INFORMATION PROVIDED START
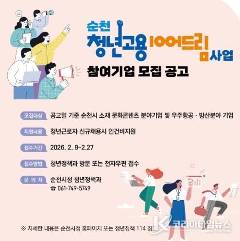 지원 인원은 총 85명으로 모집 기간은 2월 9일부터 27일까지이며, 자세한 사항은 순천시청 누리집 또는 청년정책114 홈페이지를 참고하거나 순천시청 청년정책과 청년일자리팀으로 문의하면 된다.
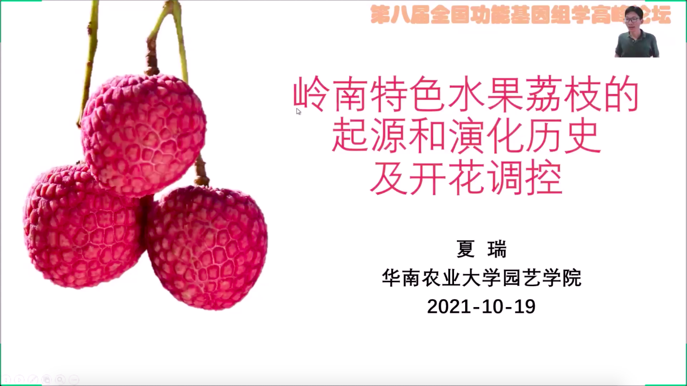華南農(nóng)業(yè)大學夏瑞教授對嶺南特色水果荔枝的起源、演化歷史及開花調(diào)控進行了闡述,展示了無患子科荔枝“妃子笑”單倍型基因組的構(gòu)建與荔枝的演化分析,并介紹了72份荔枝種質(zhì)資源的重測序研究,表明栽培荔枝可能起源于兩條獨立的馴化事件;另外,還闡述了荔枝開花相關(guān)基因的研究,表示這些關(guān)于荔枝基因組和馴化歷史的結(jié)果必將加速荔枝及其它相關(guān)無患子科植物的基礎(chǔ)研究和遺傳改良。
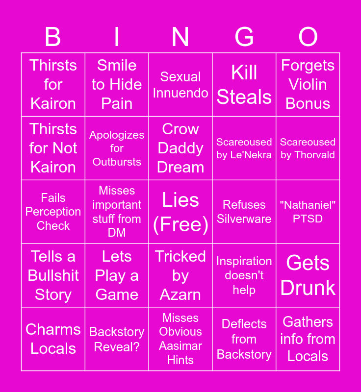 This bingo card has a free space and 24 words: Lets Play a Game, Backstory Reveal?, Crow Daddy Dream, Charms Locals, Forgets Violin Bonus, Thirsts for Kairon, Thirsts for Not Kairon, Smile to Hide Pain, Refuses Silverware, Tricked by Azarn, Scareoused by Le'Nekra, Fails Perception Check, Inspiration doesn't help, Gets Drunk, Apologizes for Outbursts, Deflects from Backstory, "Nathaniel" PTSD, Sexual Innuendo, Scareoused by Thorvald, Misses important stuff from DM, Gathers info from Locals, Tells a Bullshit Story, Kill Steals and Misses Obvious Aasimar Hints.
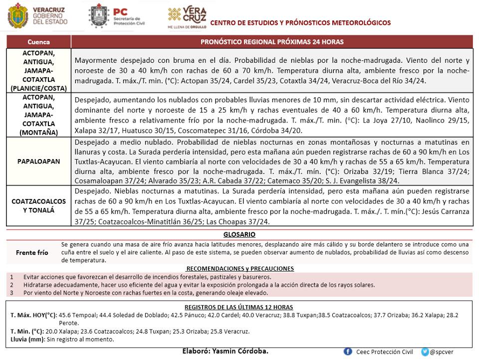 Amanece con cielo despejado a medio nublado con algunas áreas de nieblas y neblinas. Esta madrugada la Surada registro rachas máximas de 122 km/h en la parte alta de los Tuxtlas, del orden de 90 km/h en Orizaba y 70 km/h en Acayucan.
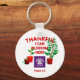 Blossom Planted Here Christian Church ADD LOGO Keychain. Stylish customizable church merchandize Keychain with text that reads THANKFUL I CAN BLOSSOM HERE plus CUSTOMIZABLE LOGO and optional Scripture verse. The design shows pot plants and bold red typography, and is inspired by the inspirational quote, Blossom (or Bloom) Where You're Planted. You can upload your logo (set to fit) and add your church name or preferred wording in place of the Bible verse. This church merchandize Keychain has your church logo incorporated into the design, and forms part of a collection of stylish church-branded accessories and party supplies for your church workers and church members. Ideal as favor giveaways at your special events and conferences.
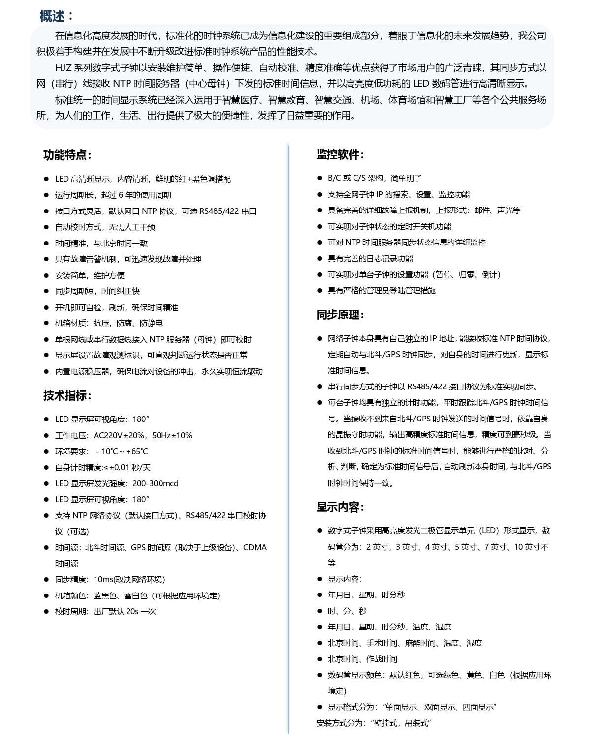 標準化的時鐘系統(tǒng)已成為信息化建設(shè)的重要組成部分,著眼于信息化的未來發(fā)展趨勢,我公司積極著手構(gòu)建并在發(fā)展中不斷升級改進標準時鐘系統(tǒng)產(chǎn)品的性能技術(shù)。HJZ系列數(shù)字式子鐘以安裝維護簡單、...
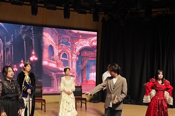 閉幕式以一段精心制作的視頻拉開帷幕,回顧了本屆讀書節(jié)開幕以來的各項活動,記錄了同學們參與的過程及感觸;榮譽時刻,讀書節(jié)期間各項活動的優(yōu)勝者們上臺接受組委會為其頒發(fā)的榮譽證書,同時各項活動的冠軍得主上臺分享展示。書簽制作大賽的獲獎?wù)邽榇蠹曳窒砹俗约旱膭?chuàng)作構(gòu)思,閱讀分享大賽的獲獎?wù)咭元毜揭娊庠忈屃藭牧α?,而跨文本小說創(chuàng)作大賽的獲獎?wù)邆儎t通過話劇表演的形式,為大家展示了一場奇異的跨時空對話。
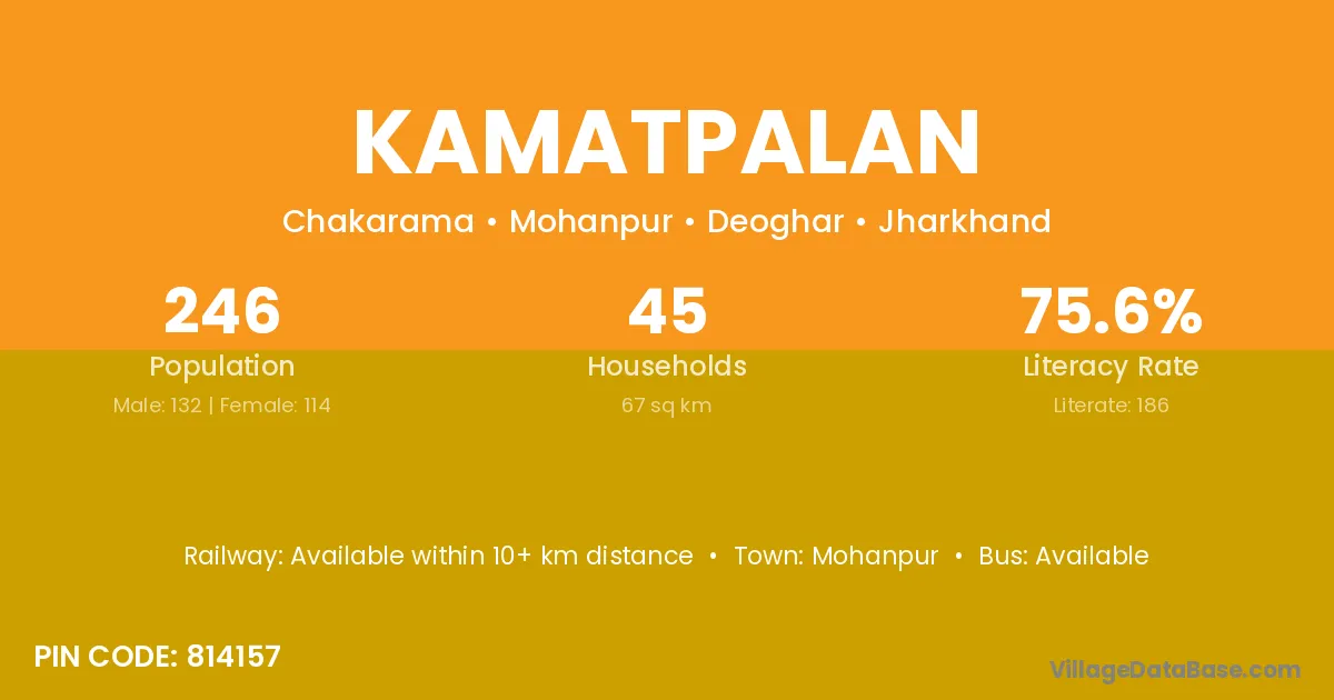Kamatpalan village has a total population of 246 people, of which 132 are males and 114 are females.
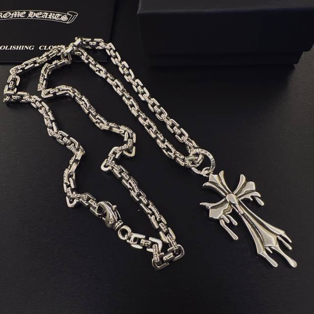 抖音 快手 Ins 小红书 直播热门,新款 专柜品质 Chrome Hearts克罗心锁扣字母项链 ,方牌十字架吊坠,凹凸造型不同的花纹设计风格...
INFORMATION PROVIDED END
#### WHAT YOU ARE ASKED TO DO
The answer must be an exact copy of the lines from the one containing "標準化的時鐘系統(tǒng)" through the last line of the records, and nothing else. Pictures do not belong in it.

#### YOUR SOLUTION
 標準化的時鐘系統(tǒng)已成為信息化建設(shè)的重要組成部分,著眼于信息化的未來發(fā)展趨勢,我公司積極著手構(gòu)建并在發(fā)展中不斷升級改進標準時鐘系統(tǒng)產(chǎn)品的性能技術(shù)。HJZ系列數(shù)字式子鐘以安裝維護簡單、...
 閉幕式以一段精心制作的視頻拉開帷幕,回顧了本屆讀書節(jié)開幕以來的各項活動,記錄了同學們參與的過程及感觸;榮譽時刻,讀書節(jié)期間各項活動的優(yōu)勝者們上臺接受組委會為其頒發(fā)的榮譽證書,同時各項活動的冠軍得主上臺分享展示。書簽制作大賽的獲獎?wù)邽榇蠹曳窒砹俗约旱膭?chuàng)作構(gòu)思,閱讀分享大賽的獲獎?wù)咭元毜揭娊庠忈屃藭牧α?,而跨文本小說創(chuàng)作大賽的獲獎?wù)邆儎t通過話劇表演的形式,為大家展示了一場奇異的跨時空對話。
Kamatpalan village has a total population of 246 people, of which 132 are males and 114 are females.
 抖音 快手 Ins 小红书 直播热门,新款 专柜品质 Chrome Hearts克罗心锁扣字母项链 ,方牌十字架吊坠,凹凸造型不同的花纹设计风格...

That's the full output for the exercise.